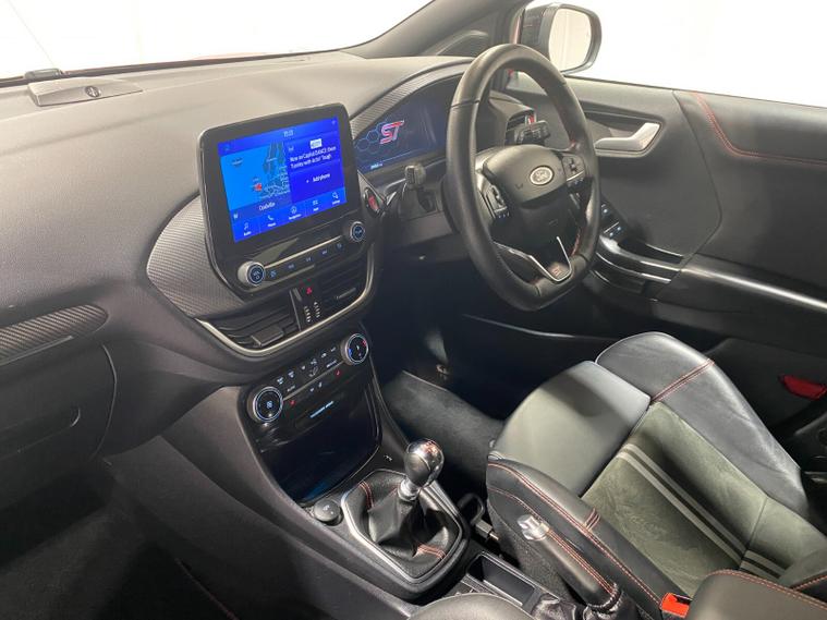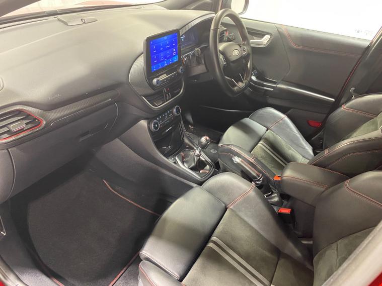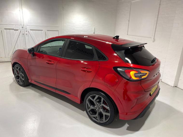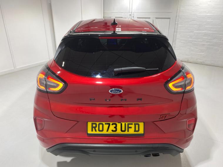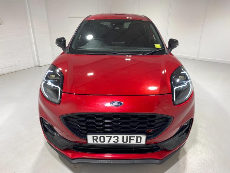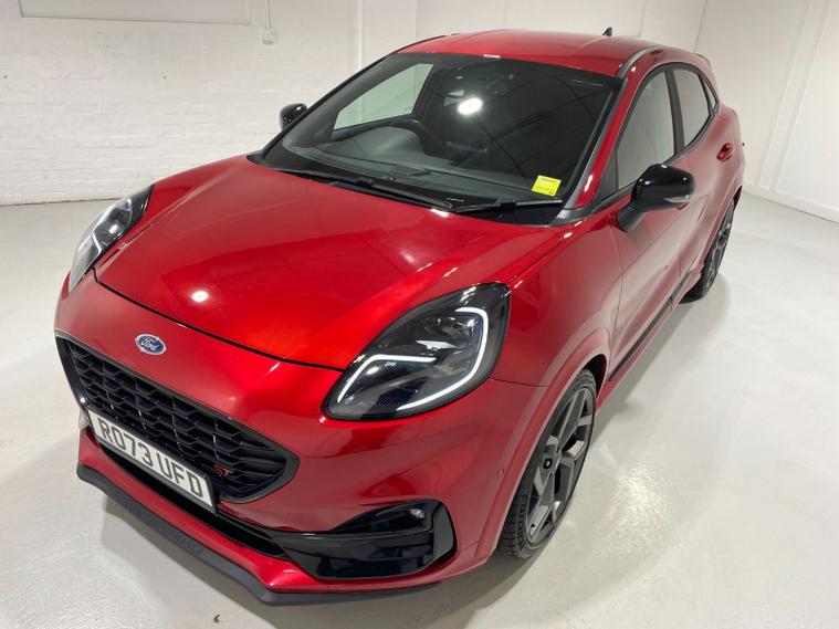 2023 73 Reg Puma 1.5 Turbo Ecoboost (200PS) 6 spd ST 5dr**Performance Pack**. Fantastic Red with Ford Performance half leather interior, heated front seats, heated steering wheel, PERFORMANCE PACK with LAUNCH CONTROL, QUAIFE Limited Slip Differential and Shift Light, SYNC3 DAB TOUCHSCREEN NAVIGATION, B&O PLAY with 360 degree sound system, Apple CarPlay and Android Auto, DRIVERS ASSISTANCE PACK with AEB by radar/camera. BliS (Blind Spot Information System), Active park assist and REAR VIEW CAMERA, WIRELESS CHARGE PAD, FRONT & REAR PARKING SENSORS, Bluetooth USB, PRIVACY GLASS, 19 inch ST alloys, red brake calipers, cruise control with speed limiter, FORD KEYFREE SYSTEM with KEYLESS ENTRY & Ford power start button, traffic sign recognition, auto high beam, electrically operated, heated and power folding door mirrors, auto lights, auto wipers, heated front screen, 25, 395 miles (RO 73 UFD).
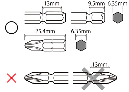 ・Various commercially available 6.35 mm hex screwdriver bits can be used.
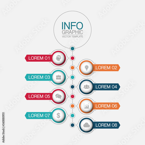 Vector infographic template with 8 steps or options. Data presentation, business concept design for web, brochure, diagram.
═══
__Instructions to follow__. Leave the pictures out and retype only the lines from the line with "can be used." through the final line of the material, both ends included, word for word.

__Completed exercise__.
 ・Various commercially available 6.35 mm hex screwdriver bits can be used.
 Vector infographic template with 8 steps or options. Data presentation, business concept design for web, brochure, diagram.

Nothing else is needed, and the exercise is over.